### PROVIDED DATA
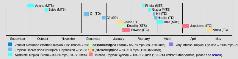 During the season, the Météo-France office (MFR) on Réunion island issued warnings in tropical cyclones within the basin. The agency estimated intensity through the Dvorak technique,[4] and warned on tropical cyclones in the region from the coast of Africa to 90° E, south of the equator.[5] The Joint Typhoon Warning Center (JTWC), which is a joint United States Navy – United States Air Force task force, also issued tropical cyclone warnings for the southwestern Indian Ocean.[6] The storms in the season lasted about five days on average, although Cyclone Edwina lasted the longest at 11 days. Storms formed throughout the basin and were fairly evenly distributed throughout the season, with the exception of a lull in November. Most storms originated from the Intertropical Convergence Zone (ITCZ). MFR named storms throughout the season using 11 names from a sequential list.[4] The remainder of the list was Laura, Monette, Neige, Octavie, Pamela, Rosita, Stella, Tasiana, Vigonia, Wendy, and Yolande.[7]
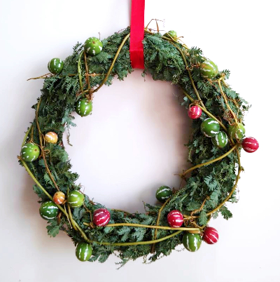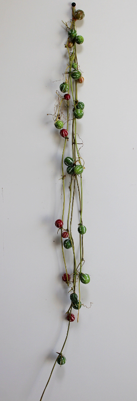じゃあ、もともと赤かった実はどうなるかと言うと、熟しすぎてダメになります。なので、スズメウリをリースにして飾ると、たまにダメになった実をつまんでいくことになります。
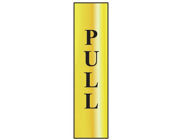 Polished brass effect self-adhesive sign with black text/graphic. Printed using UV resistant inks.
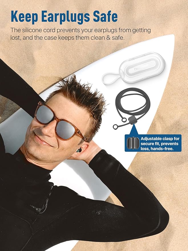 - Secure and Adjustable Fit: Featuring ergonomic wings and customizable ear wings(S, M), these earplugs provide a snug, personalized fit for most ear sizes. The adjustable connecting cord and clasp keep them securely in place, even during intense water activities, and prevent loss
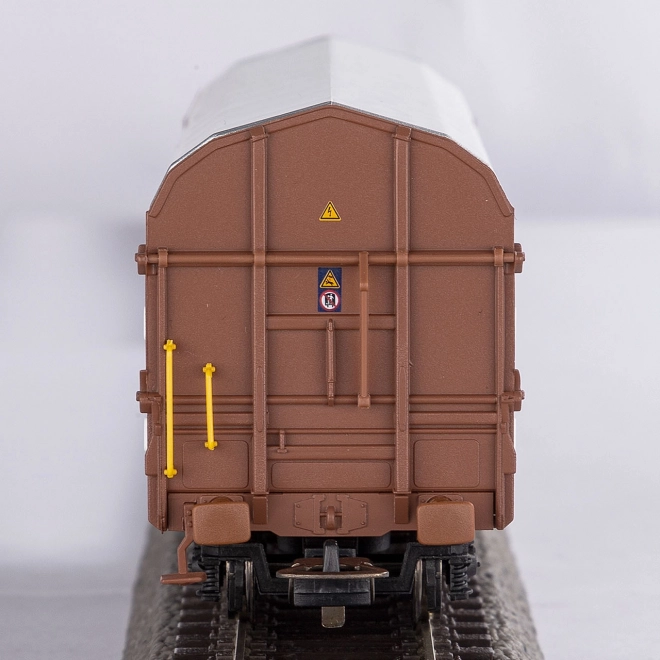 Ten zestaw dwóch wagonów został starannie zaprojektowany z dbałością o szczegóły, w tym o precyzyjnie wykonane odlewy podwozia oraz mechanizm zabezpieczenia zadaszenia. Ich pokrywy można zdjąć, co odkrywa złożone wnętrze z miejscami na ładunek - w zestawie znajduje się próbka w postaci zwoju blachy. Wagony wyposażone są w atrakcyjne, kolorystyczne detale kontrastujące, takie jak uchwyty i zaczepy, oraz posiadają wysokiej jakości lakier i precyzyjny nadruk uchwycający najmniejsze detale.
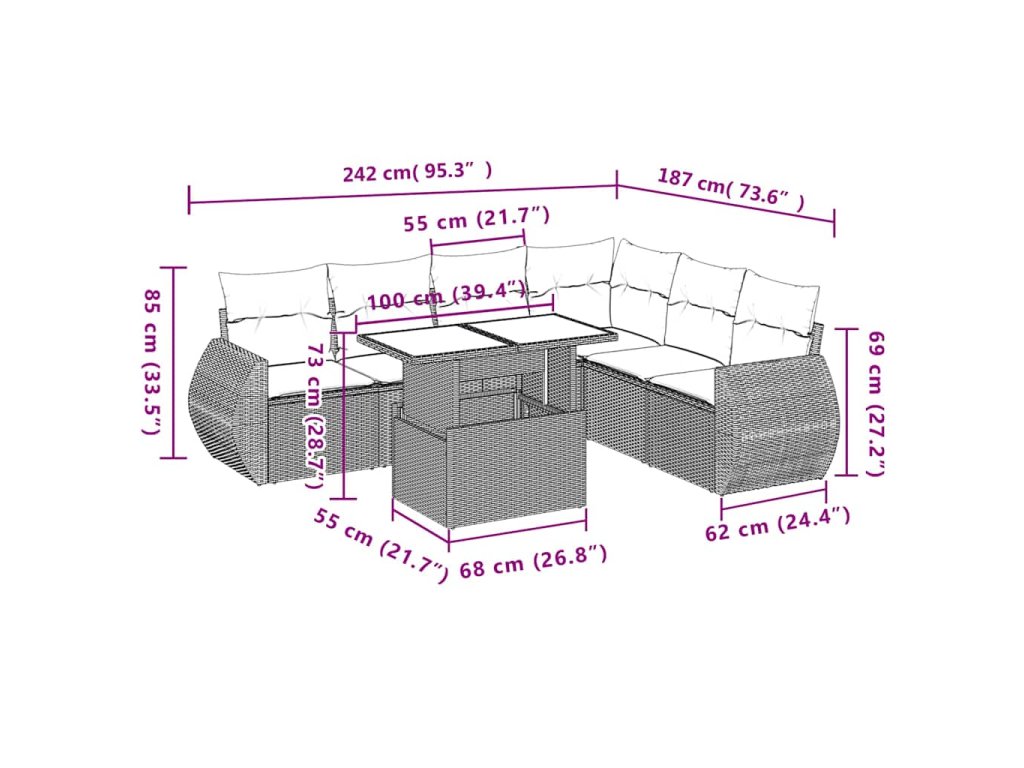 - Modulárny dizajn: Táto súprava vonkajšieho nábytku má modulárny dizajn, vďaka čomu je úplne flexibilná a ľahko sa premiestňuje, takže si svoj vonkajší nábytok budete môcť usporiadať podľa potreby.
######
### PROVIDED DATA
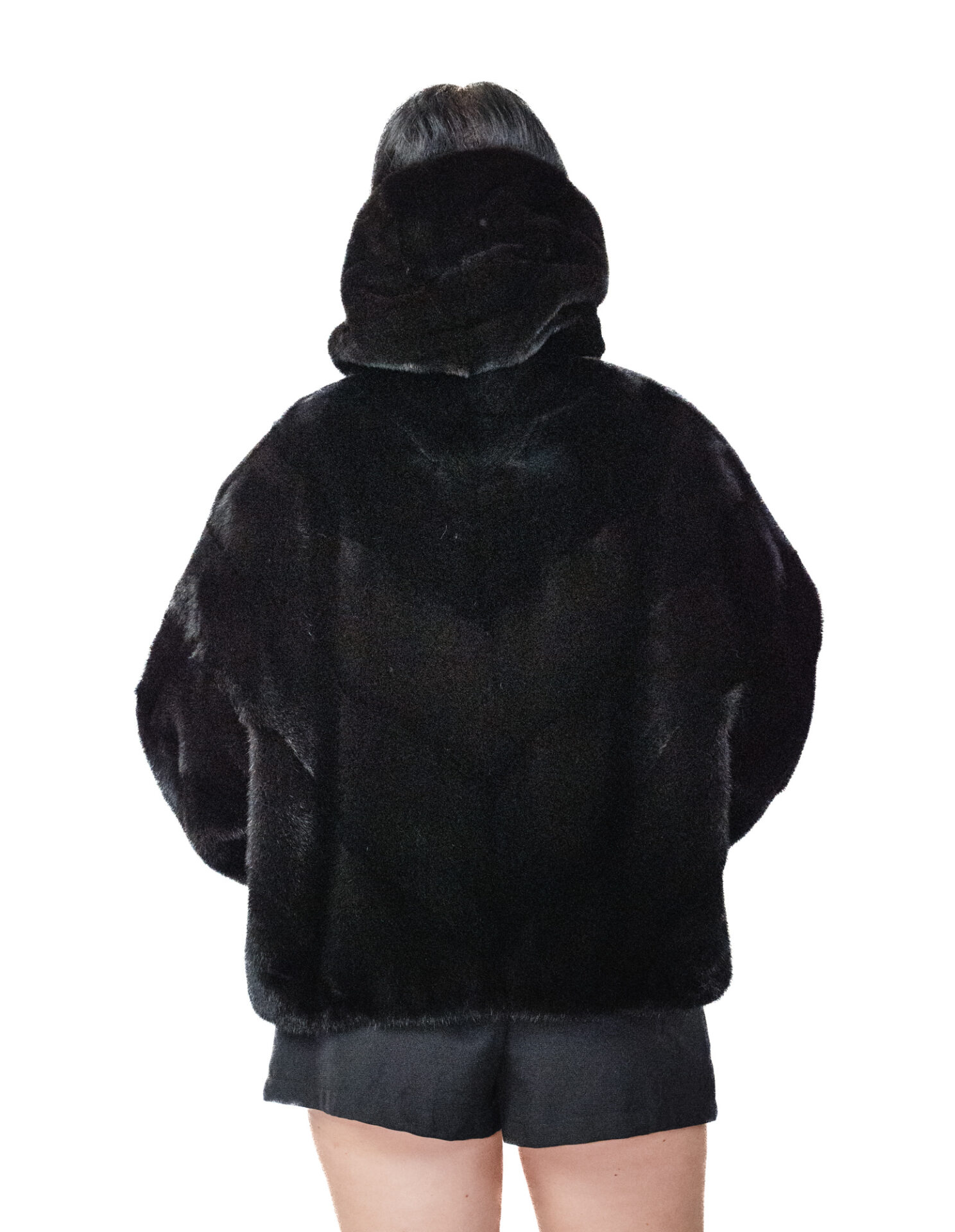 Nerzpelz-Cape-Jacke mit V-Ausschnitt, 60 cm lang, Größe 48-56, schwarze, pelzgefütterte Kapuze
######
▸ EXERCISE: Keep to the stretch from the line containing "じゃあ、もともと赤かった実は" through the line containing "- Secure and", both ends included, and copy it exactly from the listing above, minus the pictures.

▸ REPLY:
じゃあ、もともと赤かった実はどうなるかと言うと、熟しすぎてダメになります。なので、スズメウリをリースにして飾ると、たまにダメになった実をつまんでいくことになります。
 Polished brass effect self-adhesive sign with black text/graphic. Printed using UV resistant inks.
 - Secure and Adjustable Fit: Featuring ergonomic wings and customizable ear wings(S, M), these earplugs provide a snug, personalized fit for most ear sizes. The adjustable connecting cord and clasp keep them securely in place, even during intense water activities, and prevent loss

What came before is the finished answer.